Wie bei Frau – nennen wir sie hier – Müller, einer Dame von über 80 Jahren, die wieder und wieder ohne Kompressionsverband zur Sprechstunde ins Wundzentrum kam. Aber immer mit einem plausiblen Grund. Oder was sie dafür hielt. Bis Carina Hansmann, die ohnehin stets jeden ihrer Handgriffe geduldig erläutert, in der Überzeugung, „es wird zu wenig mit den Patienten besprochen, warum, wieso, weshalb“, zu einem ausführlichen Vortrag über die Funktionsweise des menschlichen Gefäßsystems, die Venenmuskelpumpe und den antagonistischen Imperativ des Kompressionsverbandes ausholte.
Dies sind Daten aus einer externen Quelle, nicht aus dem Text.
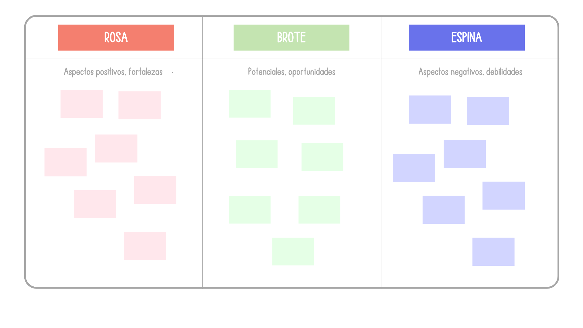 Herramienta visual que categoriza aspectos positivos (rosa), potenciales (brote) y negativos (espina) de proceso, sistema o proceso propuesto. Permite identificar rápidamente problemas y oportunidades de forma resumida y estructurada.
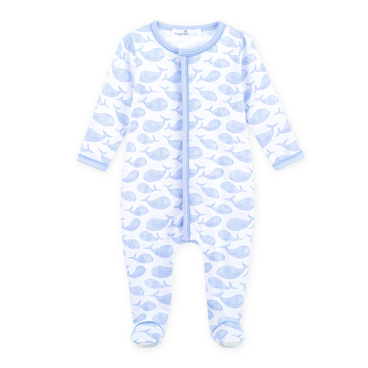 Azure Whales Print Footie | Blue
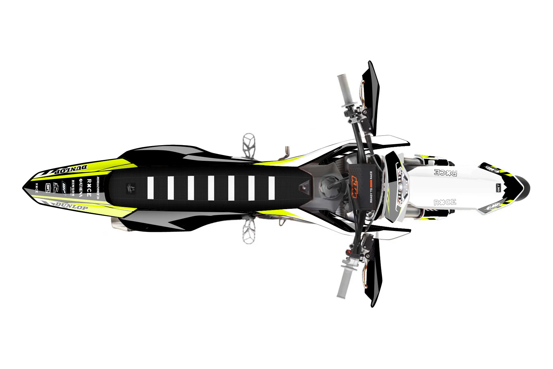 «Grip Neon» — готовый комплект графики серии Maverick для KTM Supermoto Graphic Kit KTM EXC-F 450 2024. В комплекте: графика на бак и боковые облицовки, крылья (переднее и заднее), передний щиток, номерные таблички, защита вилки. Материал: ПВХ-винил 80 мкр с холодной ламинацией 300 мкр, общая толщина 380 мкр; покрытие глянцевое или матовое на выбор. Устойчив к UV-излучению, воде, бензину и мойке высокого давления. Клей акриловый на сольвентной основе — постоянный, для гибких пластиков. На простых поверхностях монтируется без нагрева; для сложных изгибов рекомендуем фен. Этот пресет можно заказать как есть или взять за основу в конструкторе: поменять цвета, добавить стартовый номер и свой бренд. Производство — 3–5 рабочих дней, доставка по России СДЭКом или Почтой, по СНГ — курьерскими службами.
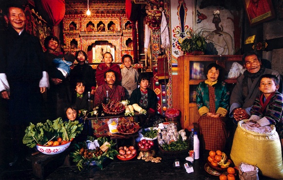 Seize familles vivant dans les cinq continents, derrière une table présentant tout ce qu'elles mangent pendant une semaine....
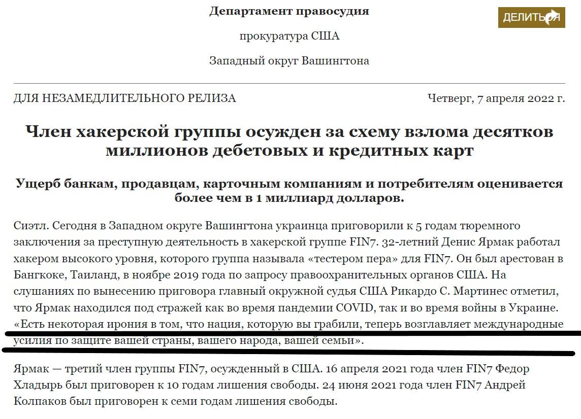 Йдеться про громадян України – Федора Олексійовича Хладира (Гладира), Дмитра Валерійовича Федорова, Андрія Колпакова, Дениса Ярмака. Як випливає з обвинувального висновку, «члени плідної хакерської групи, широко відомої як FIN7 (також званої Carbanak Group і Navigator Group, серед іншого), брали участь у дуже складній шкідливій кампанії, націленій на більш ніж 100 американських компаній, переважно у ресторанах, іграх та готельний бізнес. FIN7 зламала тисячі комп’ютерних систем та вкрала мільйони номерів кредитних та дебетових карток клієнтів, а також конфіденційну та закриту інформацію, яку група використовувала або продавала для отримання прибутку. Лише у Сполучених Штатах FIN7 успішно зламала комп’ютерні мережі компаній у 49 штатах та окрузі Колумбія, викравши понад 15 мільйонів карток клієнтів із більш ніж 6 500 окремих торгових терміналів у більш ніж 3600 окремих офісах».

Mit Erfolg. „Die Patientin hat die Strümpfe akzeptiert und ihre Beine konnten heilen.“

Andererseits: Viele Pflegedienste trauen sich nicht, den Verband so straff zu wickeln, wie es richtig wäre, weiß die zertifizierte Wundexpertin. Vielleicht aus Furcht, den Patienten weh zu tun. Wie es in ihrer Ausbildung zur Wundmanagerin von Zeit zu Zeit gefordert war, in kurzen Hosen zu erscheinen, leitet Carina Hansmann heute in ihren eigenen Workshops die Teilnehmer an, das Verfahren gegenseitig zu üben und zugleich am eigenen Leib zu erfahren. Befremdlich wirkt das manchmal zunächst auf die, die doch als “gestandene“ Pflegekräfte vor ihr sitzen. „Das habe ich aber anders gelernt“, den Satz hört Carina Hansmann in solchen Seminaren immer wieder. Und sieht doch tagtäglich an ihren Patienten, was eine wirklich gute Kompression bewirken kann.

Die Erfahrung gibt ihr Recht. Wundversorgung, das war eben immer schon ihr Thema.